Member of the National Assembly for New Caledonia's 2nd constituency
- In office June 22, 2022 – July 8, 2024
- Preceded by: Philippe Gomès
- Succeeded by: Emmanuel Tjibaou

Personal details
- Born: 20 May 1988 (age 38) Nouméa, New Caledonia
- Party: Générations NC
- Alma mater: University of Strasbourg Paris Diderot University

= Nicolas Metzdorf =

New Caledonian politician

Nicolas Metzdorf (born 20 May 1988) is a New Caledonian politician. He is the founding president of the Générations NC, and has served as a Deputy in the French National Assembly from New Caledonia's 2nd constituency from 2022 to 2024 and New Caledonia's 1st constituency since 2024.

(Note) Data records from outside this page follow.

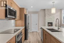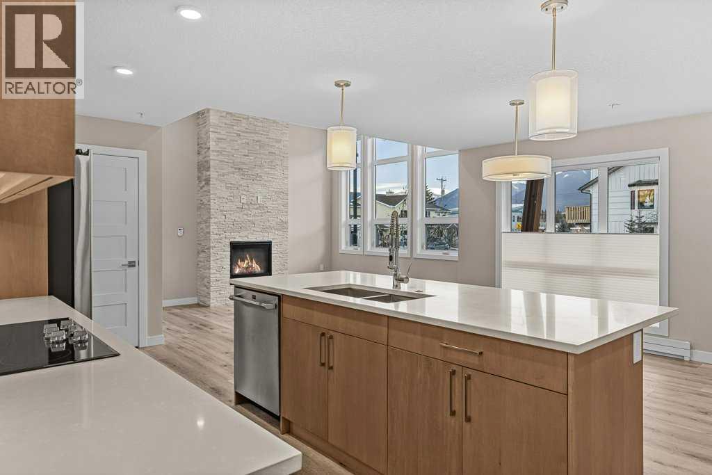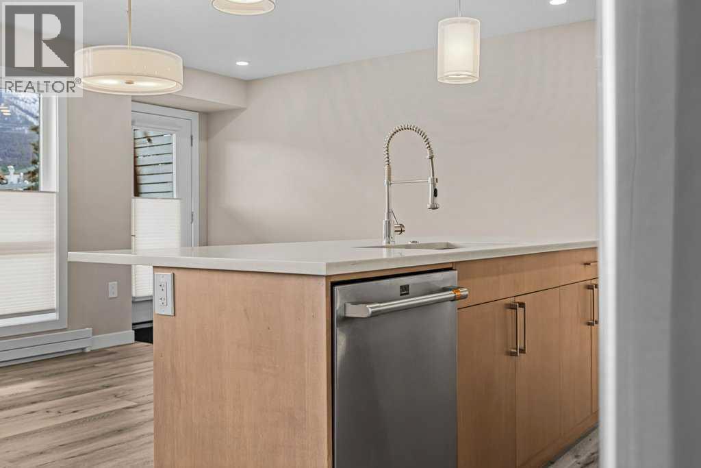 Welcome to the coveted Residence at 7th & 7th! This stunning one-bedroom condo is located just one block from Main Street, offering easy access to shops, galleries, restaurants, and pubs. This beautifully designed home features vaulted ceilings and expansive south-facing windows that flood the space with natural light and showcase outstanding mountain views. Wake up to views of the iconic Three Sisters! The open-concept layout includes a spacious great room with a stylish kitchen complete with quartz countertops, pantry, and upgraded GE Café appliances—plus the convenience of remote oven start for busy days. The condo offers two private entrances: one from the interior courtyard and another from your own balcony overlooking 7th Street. You can be out on the trails or down to the river in seconds!! Ideal for the career professional, working remote, or those that desire a mountain lifestyle. Additional highlights include titled underground parking and a dedicated storage area. A perfect blend of comfort, convenience, and mountain lifestyle living. (id:6769)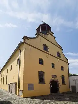 1873 errichtete die jüdische Gemeinde eine Synagoge, die 1938 im Novemberpogrom geschändet wurde. Die heutige Straßenbezeichnung Synagogenstraße und eine Gedenktafel vor Ort erinnern an das um 1960 abgerissene Gebäude.[14]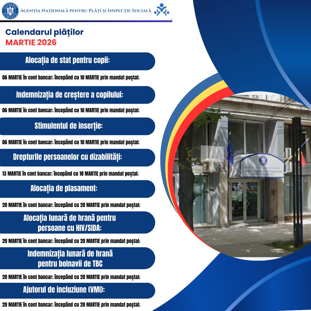 Vești importante pentru milioane de beneficiari din România. Agenția Națională pentru Plăți și Inspecție Socială (ANPIS) anunță plata în avans, în luna martie 2026, a beneficiilor de asistență socială aferente drepturilor din februarie.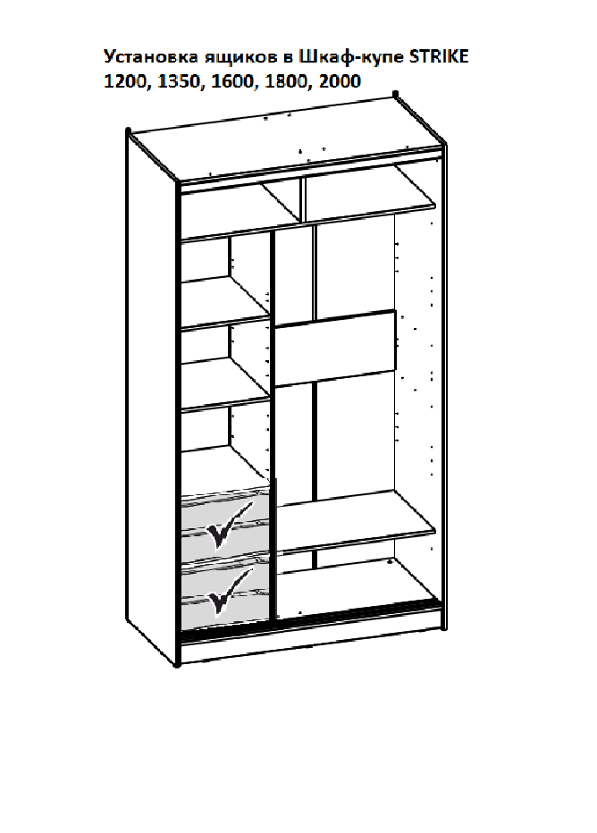 Для серии шкафов-купе Strike размеров: 1200, 1350, 1600, 1800, 2000.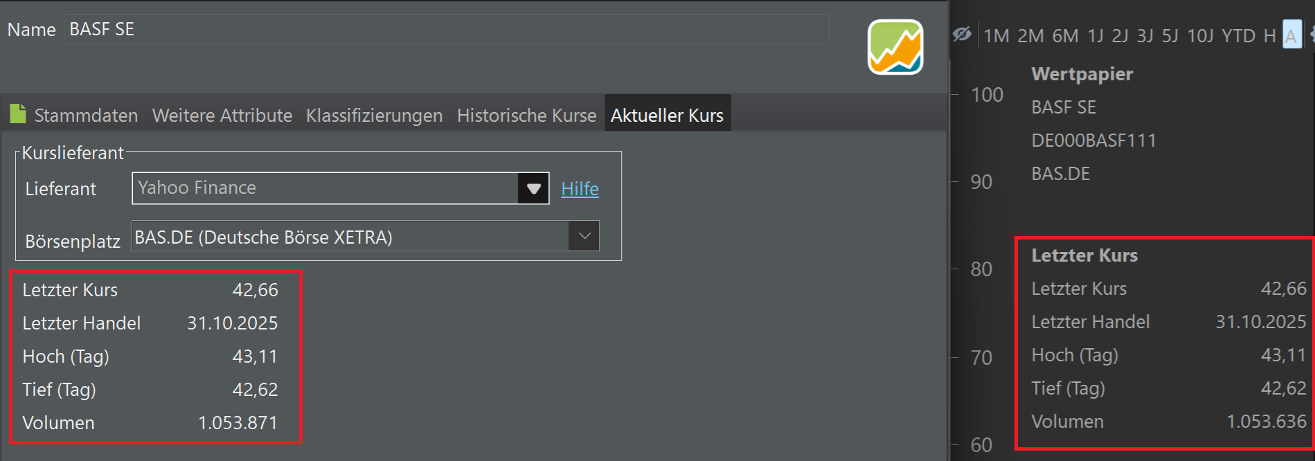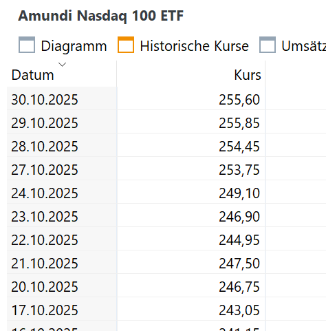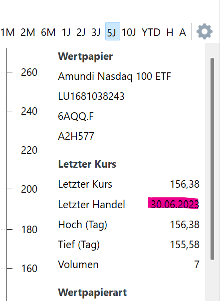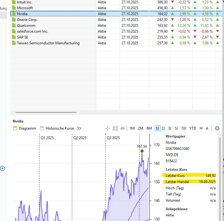 Wenn bei Dir letzter Handel 19.09.2025 steht hast Du wahrscheinlich eine fehlerhafte Konfig der aktuellen Kurse.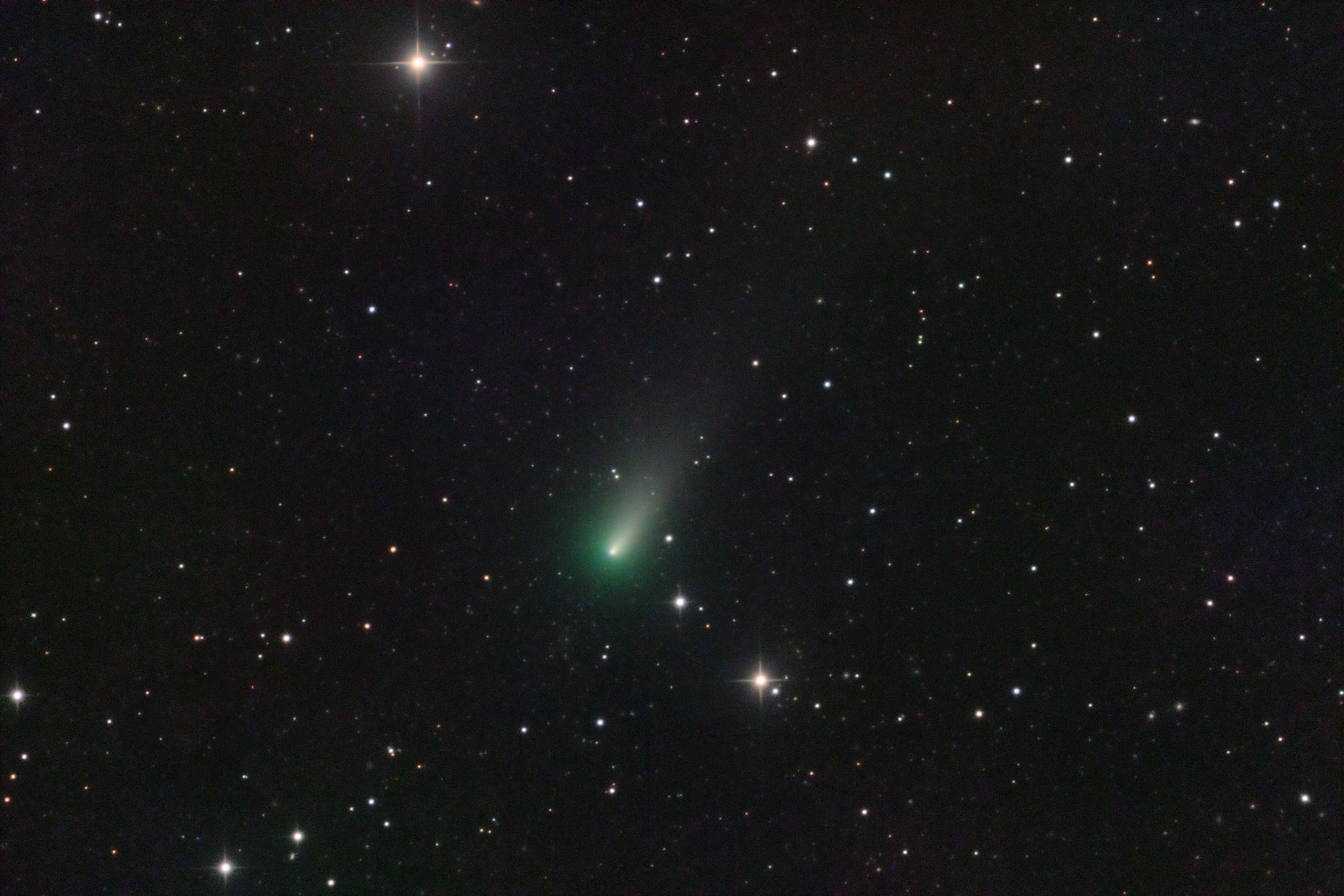 Comet C/2021 A1 (Leonard) imaged on November 4th, 2021, since my previous image its look has changed dramatically: in just two weeks its brightness has increased from magnitude 11.5 to 10, its coma has increased in angular size from 4' to 9' having developed an strong outer halo of intense green color, and its tail has grown from 5' to 16' in length. Everything continues signaling that the comet is very active and it keeps the expectation of being observable at naked eye in December.

==Early life and education==
Metzdorf was born 20 May 1988 to Claude Metzdorf and Yasmina Kurtovitch. He is of Belgian, Bosnian, English and French descent. His Caldoche parents were stockmen and involved in the pro-loyalist movement. He was raised in Poya, New Caledonia. After completing his secondary education, he went to Europe to attend university. He earned Bachelor's degree in Agronomy from the University of Strasbourg and a master's degree in agro-geography from Paris Diderot University and AgroParisTech.

==Political career==
In 2019, he left Caledonia Together and established Générations NC. He was elected mayor of La Foa in 2020. He was elected to the National Assembly from New Caledonia's 2nd constituency in 2022. In the 2024 election, he changed from the 2nd constituency to the 1st constituency to run against incumbent Philippe Dunoyer of Générations NC's rival Caledonia Together. Metzdorf defeated Dunoyer in the first round and then defeated pro-independence candidate Omayra Naisseline in the second round. A pro-independence candidate, Emmanuel Tjibaou of Caledonian Union, won to succeed Metzdorf in the 2nd.